Implementation and operation of the neural network
Velsen 25 is equipped with the SPPA-T2000 control system. The neural network runs on a separate industrial PC which exchanges signals with the DCS via the plant bus. With a modern control system such as SPPA-T3000 the neural network can run in the control system itself and is then a fully integrated part of the unit control.
Via the DCS the neural network is supplied with on-line measurements and delivers a new value for the unit efficiency in each calculation cycle of the system. Once new archive data is available in the DCS, further training of the neural network can be carried out. Adjustment of the neural network parameters ensures that calculation of the unit efficiency is adapted to the actual unit performance, see Figure 6. It is recommended that neural network training is done once every one to three months.
Results for Velsen 25
Due to the fact that the unit efficiency of Velsen 25 depends heavily on a variety of factors, such as fuel mixture and heating values, it is very difficult to determine an accurate value. However, it can be estimated that using the neural efficiency calculation results in a maximum inaccuracy of the calculated boiler load setpoint of approximately 0.5%. This high accuracy leads to a higher unit control quality. The following resulting economic benefits can be noted for Velsen 25:
• Smoother unit operation with a corresponding reduction in wear and tear.
• More stable combustion with a corresponding positive effect on unit efficiency.
• More precise boiler operation resulting in a more precise control of the electrical power output. And
• Less limitations on electrical power output. The unit efficiency is used to calculate the maximum allowable load for the boiler. With inaccurate efficiency values, false maximum boiler loads are applied, which leads to a invalid limitations on the maximum electrical power output.

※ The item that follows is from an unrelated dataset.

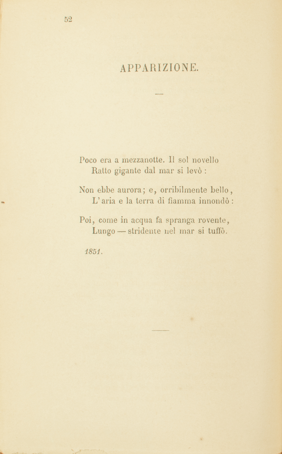 Poco era a mezzanotte. Il sol novelloRatto gigante dal mar si levò:Non ebbe aurora; e, orribilmente bello,L’aria e la terra di fiamma innondò:Poi, come in acqua fa spranga rovente,Lungo — stridente nel mar si tuffò.1851.

Neural networks: making the seemingly impossible possible
In summary, the control performance of steam power plant units is of critical importance for their cost effectiveness and high quality feed-forward controllers have the advantage over feedback loops that the tracking behaviour for relevant signals improves dramatically leading to corresponding economic benefits.

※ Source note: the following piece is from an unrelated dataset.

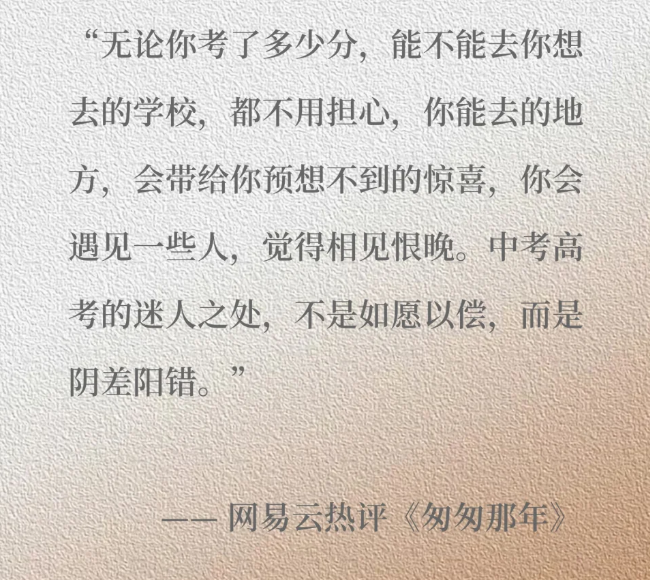 01 无论你考了多少分,能不能去你想去的学校,都不用担心,你能去的地方,会带给你预想不到的惊喜,你会遇见一些人,觉得相见恨晚. 中考高考的迷人之处,不是如愿以偿,而是阴差阳错。

An accurate feed-forward calculation of the boiler load demand in the unit control requires knowledge of the unit efficiency. Since the efficiency is highly non-linear and dependent on several internal and external process values, it is very difficult to accurately determine what the actual current efficiency is. Therefore a concept based on actual historical data, fed into a neural network model, has been applied. This has proved to be a cost effective way of modeling with a short lead time.
By using a neural network, trained on actual measured data, it has proved possible to arrive at an accurate estimate of unit efficiency. Repeated training with data based on new measurements ensures that the neural network accounts fully for changes in plant behaviour, for example arising from wear and tear.

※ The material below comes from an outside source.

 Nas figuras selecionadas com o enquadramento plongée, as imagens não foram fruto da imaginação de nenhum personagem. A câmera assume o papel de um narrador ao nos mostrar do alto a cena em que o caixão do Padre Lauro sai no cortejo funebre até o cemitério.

The calculation can be done on-line as a fully integrated function of the Siemens SPPA-T3000 control system. It can also be used as a third party supplied addition to other control systems.
Siemens SPPA-P3000 neural networks can be used in various ways and for different purposes. Whenever the mathematical description of a process becomes too complex, or even impossible, a neural network can be employed. Other possible applications are the calculation of:
• main steam flow without efficiency reducing differential pressure measurements;
• energy content of combined cycle plant exhaust gases, for a better control of heat recovery steam generators; and
• boiler emissions, leading to improved control of combustion.
As the neural network is a fully integrated module within the distributed control system and can be freely parametrised and monitored, no adjustment to the specific application is required.